存在一些性能问题,例如索引碎片。 但这些很容易解决(吉米·尼尔森的梳子指南:http://www.informit .com/articles/article.aspx?p=25862 )
编辑合并了我对此问题的两个答案
@Matt Sheppard 我认为他的意思是您可以使用不同的 GUID 作为主键来复制行。 这是任何类型的代理键的问题,而不仅仅是 GUID。 正如他所说,通过向非键列添加有意义的唯一约束可以轻松解决这个问题。 另一种方法是使用自然密钥,但它们确实存在问题。
The main advantages are that you can create unique id's without connecting to the database. And id's are globally unique so you can easilly combine data from different databases. These seem like small advantages but have saved me a lot of work in the past.
The main disadvantages are a bit more storage needed (not a problem on modern systems) and the id's are not really human readable. This can be a problem when debugging.
There are some performance problems like index fragmentation. But those are easilly solvable (comb guids by jimmy nillson: http://www.informit.com/articles/article.aspx?p=25862 )
Edit merged my two answers to this question
@Matt Sheppard I think he means that you can duplicate rows with different GUIDs as primary keys. This is an issue with any kind of surrogate key, not just GUIDs. And like he said it is easilly solved by adding meaningfull unique constraints to non-key columns.

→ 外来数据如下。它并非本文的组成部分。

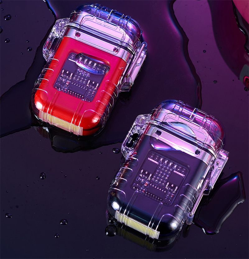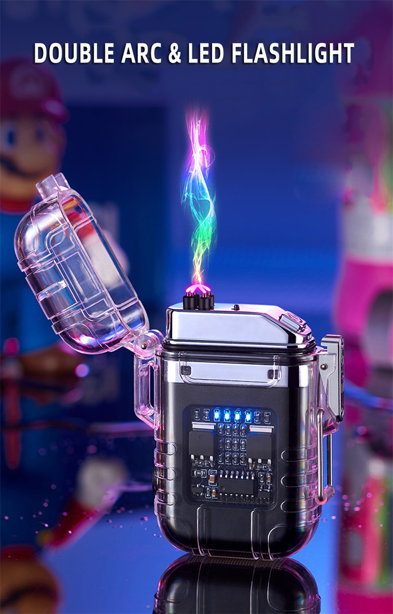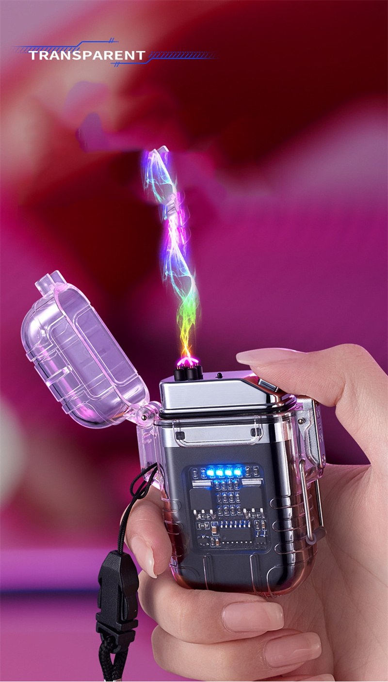 Transparent Shell Double Arc Lighter Waterproof And Windproof Outdoor Lighter Lighting Multi-purpose Electronic Cigarette Lighter

The alternative is to use a natural key and those have real problems..
有一点没有真正解决,即使用随机 (UUIDv4) ID 作为主键会损害主键索引的性能。 无论您的表是否围绕键聚集,这种情况都会发生。
RDBM通常保证主键的唯一性,并保证通过键进行查找,其结构称为BTree,它是一种具有大分支因子的搜索树(二叉搜索树的分支因子为2)。 现在,连续整数 ID 会导致插入仅发生在树的一侧,而大多数叶节点不受影响。 添加随机 UUID 将导致插入在整个索引上分割叶节点。
同样,如果存储的数据大部分是临时的,则通常需要访问最新的数据并将其连接到最多的数据。 对于随机 UUID,模式不会从中受益,并且会命中更多索引行,从而需要内存中更多索引页。 对于顺序 ID,如果最需要最新数据,则热索引页将需要更少的 RAM。
There is one thing that is not really addressed, namely using random (UUIDv4) IDs as primary keys will harm the performance of the primary key index. It will happen whether or not your table is clustered around the key.
RDBMs usually ensure the uniqueness of the primary keys, and ensure the lookups by a key, in a structure called BTree, which is a search tree with a large branching factor (a binary search tree has branching factor of 2). Now, a sequential integer ID would cause the inserts to occur just one side of the tree, leaving most of the leaf nodes untouched. Adding random UUIDs will cause the insertions to split leaf nodes all over the index.
Likewise if the data stored is mostly temporal, it is often the case that the most recent data needs to be accessed and joined against the most. With random UUIDs the patterns will not benefit from this, and will hit more index rows, thereby needing more of the index pages in memory. With sequential IDs if the most-recent data is needed the most, the hot index pages would require less RAM.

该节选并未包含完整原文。